Несомненно, рассказ «Матрёнин двор» нельзя не отнести к так называемой деревенской прозе, к лучшим образцам которой, помимо вышеназванного, относятся произведения Б. Можаева, В. Шукшина, В. Белова. Нет никакой загадки в появлении «военной прозы», после войны 1941-1945 гг. ответ лежит на поверхности, но каковы же социальные предпосылки появления прозы деревенской? Внимательное прочтение рассказа поможет найти ответ на этот вопрос.
Главные герои – рассказчик Игнатьич да немолодая крестьянка Матрёна – два встретившихся одиночества. Однако сама обособленность героев явно неслучайна: Матрёна одинока в силу обстоятельств – после смерти (или же эмиграции, как предполагает рассказчик) мужа, детей, после того, как выдала замуж приёмную дочь Киру. Для рассказчика же одиночество и тишина – желанны: «мечта о тихом уголке России», в шуршании мышей под обоями и тараканов за перегородкой «не было лжи», грубая плакатная красавица «молчала», да и о самой Матрёне говорится, что «почти не слышались её утренние хлопоты», «по бедности… не держала радио, а по одиночеству не с кем было ей разговаривать».
Одиночество и тишина – когда можно прислушаться к себе, к миру, к человеку – направление всей деревенской прозы, потому что возникла она как попытка «жить не по лжи», уйти от неумолчного радио, партсобраний, искусственно насаждённых шумных праздников. Старшее поколение ещё помнит известный своей абсурдностью лозунг советских лет: «Мы не можем ждать милостей от природы!». Каждому здравомыслящему человеку, живущему в России и вчера, и сегодня, понятно: без неизбежного ожидания «милостей от природы» невозможно ни сельское хозяйство, ни сама жизнь. Почти неизменные со времён Гесиода «труды и дни» привлекают деревенщиков ещё и смирением перед милостями и немилостями природы. Терпение и смирение, широко проповедуемые христианством, органично наложились на исконные черты русского характера.

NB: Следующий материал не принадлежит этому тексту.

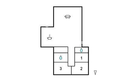 Badezimmer (nr. 2) - WC. Warmes und kaltes Wasser. Dusche

Однако одиночество и тишина Игнатьича не абсолютны – на всём протяжении рассказа то и дело всплывает тема войны: «Ел я дважды в сутки, как на фронте», установка розетки воспринимается Матрёной как «разведка», да и после отъезда Матрёны на станцию рассказчик видит «застывшее побоище – сгруженных табуреток и скамьи, пустых лежачих бутылок и одной неоконченной, стаканов, недоеденной селёдки, лука и раскромсанного сала». Эта «война» и придаёт повествованию определённое напряжение, становится одной из движущих сил. Однако в этой войне не каждый сам за себя – Матрёна отстаивает право рассказчика на тайну перед любопытством соседок, он (уже в день смерти) скрывает её самогоноварение. Тема войны в мирной, послевоенной деревне отнюдь не случайна – задержался на войне (первой мировой) Фаддей, жених Матрёны; не вернулся с войны (второй мировой) и муж Матрёны, Ефим; да и сам рассказчик не в тылу отсиживался – тоже воевал. Однако, это только внешняя канва событий, она не даст всей полноты картины: сюда надо бы включить и революцию, и гражданскую войну, и «без войны войну» против своего народа по всем направлениям – неумолимые волны репрессий; широкую проповедь абортов аж с 1920 года, «впереди планеты всей»; сталинский удар по хозяйству русской деревни; то затихающие, то усиливающиеся гонения на церковь… Рассказчик, возвращающийся «из пыльной горячей пустыни», застаёт время хрущёвских гонений на церковь.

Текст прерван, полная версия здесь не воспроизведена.